Why Docker? The transfer entropy analysis uses IDTxl, which has complex dependencies including:
- OpenCL for GPU acceleration
- Java Virtual Machine integration
- Specific versions of scientific libraries
- OpenMPI for parallel processing
While you can install these dependencies manually, Docker provides a reliable, reproducible environment. If you don't have GPU support, you can run the container without the --gpus all
and change the estimator in transfer_entropy.py
to JidtKraskovCMI
(CPU-based), but performance will degrade.
The project includes a microbenchmark to evaluate different sentiment analysis models:
- Dataset: 300 randomly selected headlines from our data (
data/random_headlines.json
) - Labeling: Pseudolabeled using OpenAI's o1 model with the prompt in
prompt.txt
- Prompt Design: Specifically crafted for few-shot financial sentiment analysis
We benchmarked several models:
Hugging Face Models:
uv run --frozen benchmark_models.py
Tests:
mrm8488/distilroberta-finetuned-financial-news-sentiment-analysis
ProsusAI/finbert
yiyanghkust/finbert-tone
Qwen3:8B Model:
uv run --frozen benchmark_qwen.py
Tests the Qwen3:8B model via Ollama API for comparison with smaller alternatives.

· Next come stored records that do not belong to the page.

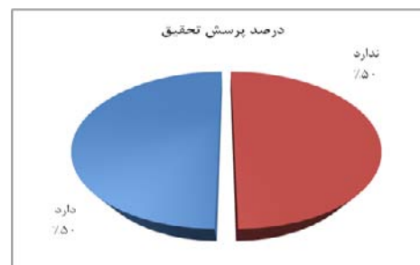
نمودار شماره ۲: وجود پرسش در تحقیق
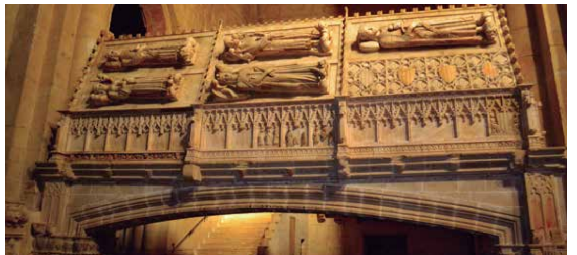
Tombs dels reis del Casal de Barcelona al monestir de Poblet.
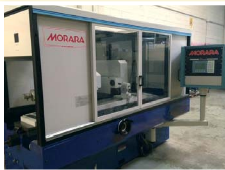
▲ Rettificatrice da interni MORARA INTERMATIC 1000 CNC Sidac , due carri e mola a tazza sfacciare
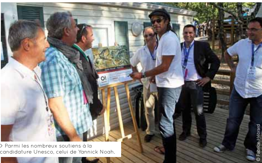
> Parmi les nombreux soutiens à la candidature Unesco, celui de Yannick Noah.

+ d'infos auprès de l'office de tourisme de Vallon-Pont-d'Arc, tél. 04 75 88 04 01.

Benchmark results are saved in data/benchmark/
with accuracy metrics against the pseudolabels.
master-finsent/
├── README.md
├── pyproject.toml # Python dependencies
├── uv.lock # Dependency lock file
├── Dockerfile # Docker environment for transfer entropy
├── .env # Eikon API configuration (create yourself)
│
├── download_rics.py # Step 1: Download constituent list
├── download_headlines_prices.py # Step 2: Download data from Eikon
├── predict.py # Step 3: Run sentiment predictions
├── filter_headlines.py # Step 4: Filter automated news
├── add_timestamps.py # Step 5: Add market timestamps
├── aggregate_test.py # Step 6: Combine sentiment & prices, test stationarity
├── transfer_entropy.py # Step 7: Transfer entropy analysis
│
├── benchmark_models.py # Benchmark HF models
├── benchmark_qwen.py # Benchmark Qwen model
├── prompt.txt # Sentiment labeling prompt for o1
│
└── data/
├── constituents.csv # STOXX 50 constituent list
├── random_headlines.json # Benchmark dataset (300 headlines)
├── headlines/ # Raw headlines from Eikon
├── headlines_preds/ # Headlines with sentiment predictions
├── filtered_headlines/ # Filtered headlines
├── prices/ # Stock price data
├── aggregate/ # Final combined datasets
└── benchmark/ # Model benchmark results
If you find any of this useful in your research, please cite the associated master's thesis (details to be added upon publication).
This project is licensed under the MIT license. However, it integrates the Eikon Data API, which is licensed separately and requires a valid subscription from LSEG. This project also uses multiple packages that are licensed under various open-source licenses (MIT, Apache 2.0, BSD-3-Clause, GPL-3.0). Please refer to the respective licenses for more details.